Ho un disperato bisogno di bere.
Scendo al piano di sotto, camminando a passo leggero, cercando di non incrociare lo sguardo di mia madre e quello del mio migliore amico. 
Esco furtivamente di casa e, con rapide falcate, mi dirigo al Market che si trova a qualche metro da casa mia.
Cammino indecisa tra i vari scaffali dei super-alcolici per qualche minuto, optando alla fine per una bottiglia di Vodka alla fragola.
Svito con energia il tappo di colore nero iniziando a sorseggiare quel liquido rossastro e, in pochi istanti, un lieve bruciore si espande rapidamente alla bocca dello stomaco provocandomi qualche conato di vomito.

Cammino per un tempo indefinito senza meta, le mie gambe si muovono da sole quando, ad un tratto, si bloccano.

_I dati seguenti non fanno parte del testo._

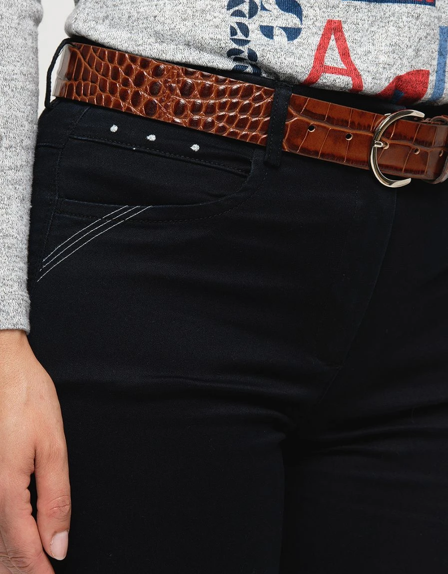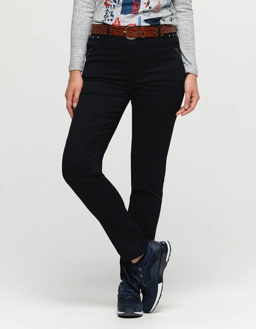 – Poches devant et dos avec surpiqûres argentées et détail clous
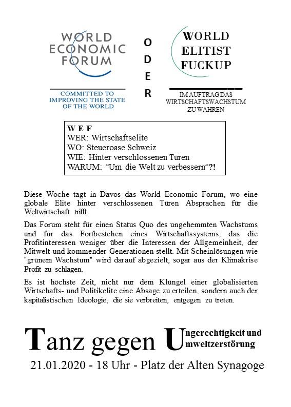 Mit Tanz und Redebeiträgen wollen wir klarmachen: Das Elitentreffen in Davos ist nicht die Lösung, sondern Teil des Problems. Der Klimakrise kann nur von unten begegnet werden.
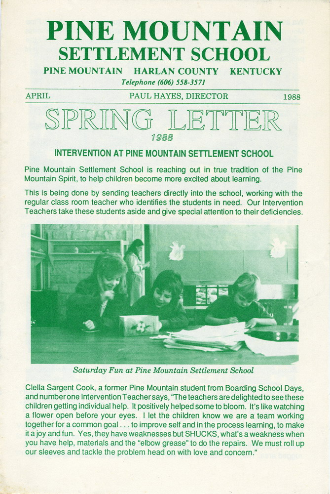 Clella Sargent (sic) Cook, a former Pine Mountain student from Boarding School Days, and number one Intervention Teacher, says, “The teachers are delighted to see these children getting individual help. It positively helped some to bloom. It’s like watching a flower open before your eyes. I let the children know we are a team working together for a common goal… to improve self and in the process learning, to make it a joy and fun. Yes, they have weaknesses but SHUCKS, what’s a weakness when you have help, materials, and the “elbow grease” to do the repairs. We must roll up our sleeves and tackle the problem head-on with love and concern.”
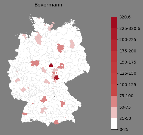 Absolute Verteilung des Namens Beyermann (1890)Direkt zur Karte Absolute Verteilung des Namens "Beyermann" um 1890 im damaligen Deutschen Reich Sie können die Karte innerhalb des Fensters zoomen und verschieben. |

Alzo lentamente la testa osservando il grande cancello di ferro di fronte a me.
Mi trovo davanti al cimitero.
Dal giorno del funerale di mio padre non ho più avuto il coraggio di venire qui, essermi trasferita così lontano ovviamente non mi ha aiutata.
Il motivo principale, però, è il dolore che mi squarcia il petto ogni volta che leggo quel nome sulla lapide.

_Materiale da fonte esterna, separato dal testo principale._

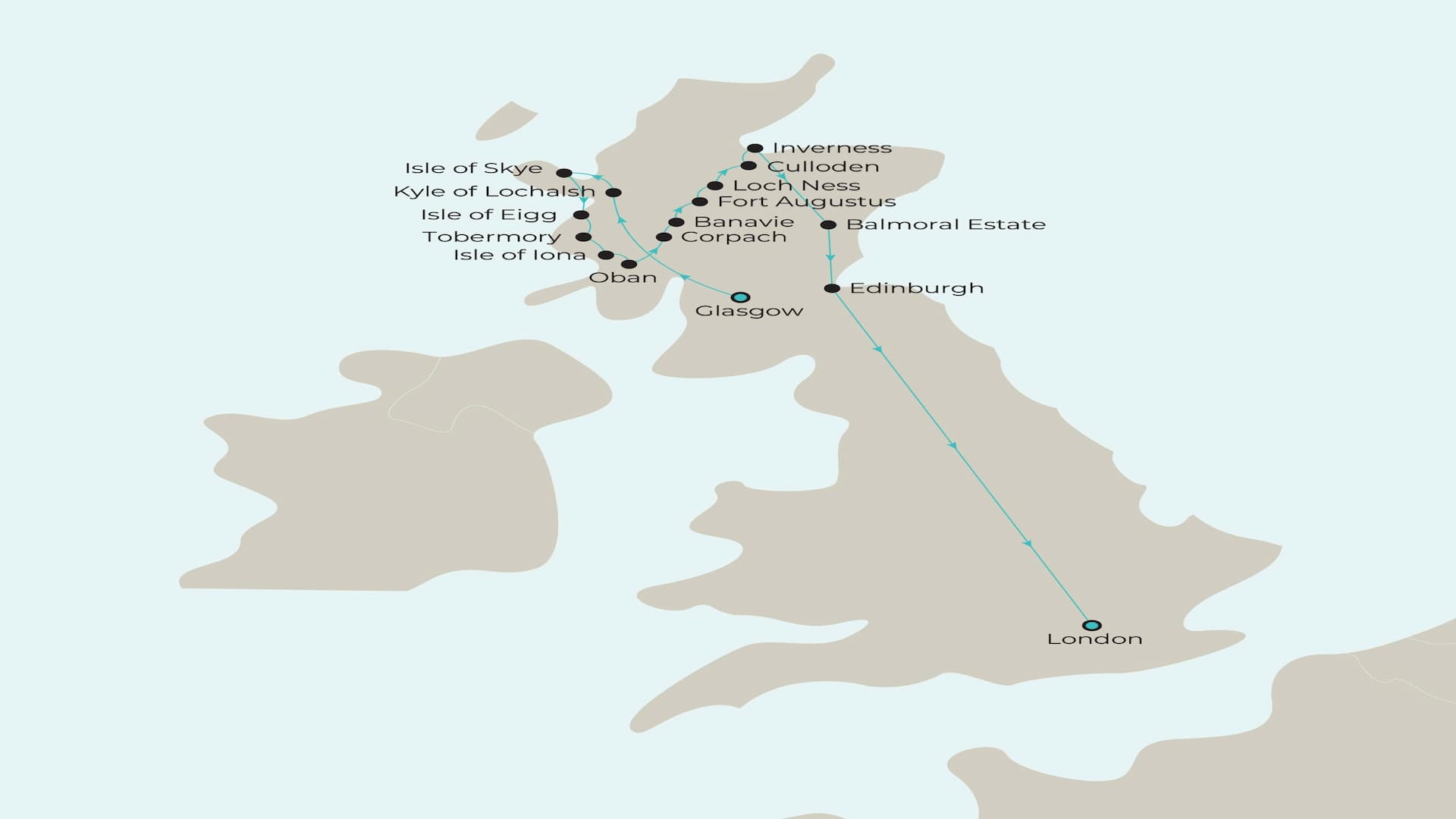 | Arrive | Details | Depart | Day 1 | Fly Overnight to Glasgow - Your holiday begins as you fly f rom Australia to your destination. | 12:00 | Day 2 | Glasgow: Hotel Stay - Landing in Scotland’s largest city, Glasgow, you’ll begin your holiday with an overnight hotel stay. Overnight: voco ® Grand Central Glasgow. | Day 3 | Kyle of Lochalsh: Embark Ship & Overnight in Port - Embark the welcoming and the wonderful Lord of the Glens, a remarkable vessel offering the perfect way to discover Scotland’s romantic Highlands and coastal charms in a relaxed and intimate setting. Meals Included: Breakfast, Lunch and Dinner. Overnight: Lord of the Glens. | Day 4 | Kyle of Lochalsh - This morning, get your cameras ready as you visit the iconic Eilean Donan Castle, perched on an island where three sea lochs converge, surrounded by breathtaking scenery and steeped in history – an unforgettable highlight of the Scottish Highlands. Meals Included: Breakfast, Lunch and Dinner. Overnight: Lord of the Glens. | Day 4 | Kyle of Lochalsh - This morning, get your cameras ready as you visit the iconic Eilean Donan Castle, perched on an island where three sea lochs converge, surrounded by breathtaking scenery and steeped in history – an unforgettable highlight of the Scottish Highlands. Meals Included: Breakfast, Lunch and Dinner. Overnight: Lord of the Glens. | Day 5 | Isle of Eigg - This morning, sail to the captivating Isle of Eigg, where a spirited community of just 90 people thrives beneath the dramatic, jagged silhouette of An Sgùrr – a striking 1234 pitchstone ridge that defines the island’s wild, rugged charm. Meals Included: Breakfast, Lunch and Dinner. Overnight: Lord of the Glens. | Day 5 | Tobermory - Next, you’ll cruise around Ardnamurchan, the British mainland’s westernmost point, to the Isle of Mull and its colourful capital, Tobermory. Enjoy f ree time in this charming harbour town, where vibrant houses once housed workers of the British Fisheries Company. Meals Included: Breakfast, Lunch and Dinner. Overnight: Lord of the Glens. | Day 6 | Isle of Iona - From Craignure, you’ll travel to the sacred Isle of Iona, where Saint Columba brought Christianity to Scotland and around 50 Scottish kings are buried. Explore the beautifully restored Benedictine Abbey and soak in the island’s deep tranquillity. Meals Included: Breakfast, Lunch and Dinner. Overnight: Lord of the Glens. | Day 6 | Oban: Overnight in Port - As evening falls, you’ll sail into Oban, known as the seafood capital of the Highlands. This charming coastal town welcomes you with f resh catches, stunning harbour views, and a lively atmosphere that celebrates Scotland’s rich maritime heritage. Meals Included: Breakfast, Lunch and Dinner. Overnight: Lord of the Glens. | Day 7 | Oban - Explore Oban, the gateway to the Isles, with a guided walk to McCaig’s Tower. Perched on Battery Hill, this striking landmark – modelled after the Roman Colosseum – offers panoramic views and a glimpse into local history. Meals Included: Breakfast, Lunch and Dinner. Overnight: Lord of the Glens. | Day 7 | Corpach - Later, glide along the mysterious waters of Loch Linnhe, surrounded by hidden lochs and islands. Arriving at Corpach, you’ll board the legendary West Highland Railway, crossing the iconic Glenfinnan Viaduct – an unforgettable journey through breathtaking Highland beauty. Meals Included: Breakfast, Lunch and Dinner. Overnight: Lord of the Glens. | Day 8 | Banavie - Unwind as the Lord of the Glens climbs Neptune’s Staircase – eight linked locks lifting you 64 feet to Banavie. You’ll then sail through serene Lochs Lochy and Oich, along Laggan Avenue and descend into Loch Ness. Meals Included: Breakfast, Lunch and Dinner. Overnight: Lord of the Glens. | Day 8 | Fort Augustus: Overnight in Port - As evening falls, you’ll glide into Fort Augustus where you’ll dock overnight in this enchanting village at Loch Ness’s edge, where tranquil waters and dramatic Highland landscapes invite you to relax beneath a starlit Scottish sky. Meals Included: Breakfast, Lunch and Dinner. Overnight: Lord of the Glens. | Day 9 | Loch Ness - This morning, journey into the legendary waters of Loch Ness, pausing halfway for a memorable photo opportunity of Urquhart Castle. Nestled beside the loch, the castle’s dramatic silhouette offers a captivating glimpse into Scotland’s rich history and folklore. Meals Included: Breakfast, Lunch and Dinner - Overnight: Lord of the Glens. | Day 9 | Culloden - Your final stop before reaching Inverness is Culloden, the infamous battlefield where Bonnie Prince Charlie’s Jacobite forces met defeat in 1746. Explore the mysterious ancient standing stones of Clava Cairns, steeped in history and Celtic legend. Meals Included: Breakfast, Lunch and Dinner. Overnight: Lord of the Glens. | Day 9 | Inverness: Overnight in Port - Arriving in Inverness, enjoy a heartfelt farewell reception on board, followed by a sumptuous dinner, celebrating the unforgettable experiences and breathtaking landscapes of the Scottish Highlands with newfound f riends. Meals Included: Breakfast, Lunch and Dinner. Overnight: Lord of the Glens. | Day 10 | Inverness: Disembark Ship & Hotel Stay - Disembarking in Inverness, you’ll next settle into your charming hotel for a two-night stay. Immerse yourself in the city’s rich history and vibrant culture as you explore its cobbled streets and breathe in the stunning Highland scenery. Meals Included: Breakfast. Overnight: Kingsmills Hotel. | Day 11 | Inverness: Tour & Hotel Stay - No visit to Scotland would be complete without a whisky distillery tour and tasting. Embark on an insightful journey through the whisky-making process and savour a variety of whiskies to appreciate their distinct flavours. Meals Included: Breakfast. Overnight: Kingsmills Hotel. | Day 12 | Balmoral Estate: Tour & Edinburgh Hotel Stay - Today you’ll transfer to Edinburgh for a twonight hotel stay. Alon

Lentamente prendo posto di fronte ad essa, il contatto con il pavimento freddo mi provoca brividi gelidi lungo la spina dorsale, incrocio le gambe tra loro e pian piano mi avvicino a quella lastra di marmo.
Con le dita accarezzo dolcemente la foto che mia madre ha scelto accuratamente quando mio papà se n'è andato.
L'immagine che lo ritrae è davvero stupenda; ricordo perfettamente il giorno in cui è stata scattata.
Chiudo gli occhi rivivendo quel momento nella mia testa, lascio che il ricordo di quelle risate mi trapassi l'anima incastrandosi tra i ventricoli del mio cuore.

Estraggo la bottiglia dallo zainetto grigio continuando a bere quel liquido rosso fiamma.
A volte mi capitava di osservare le persone intente a parlare con i loro defunti, l'ho sempre trovata una cosa da stupidi; insomma credi davvero che qualcuno ti ascolti?
Me lo chiedevo sempre.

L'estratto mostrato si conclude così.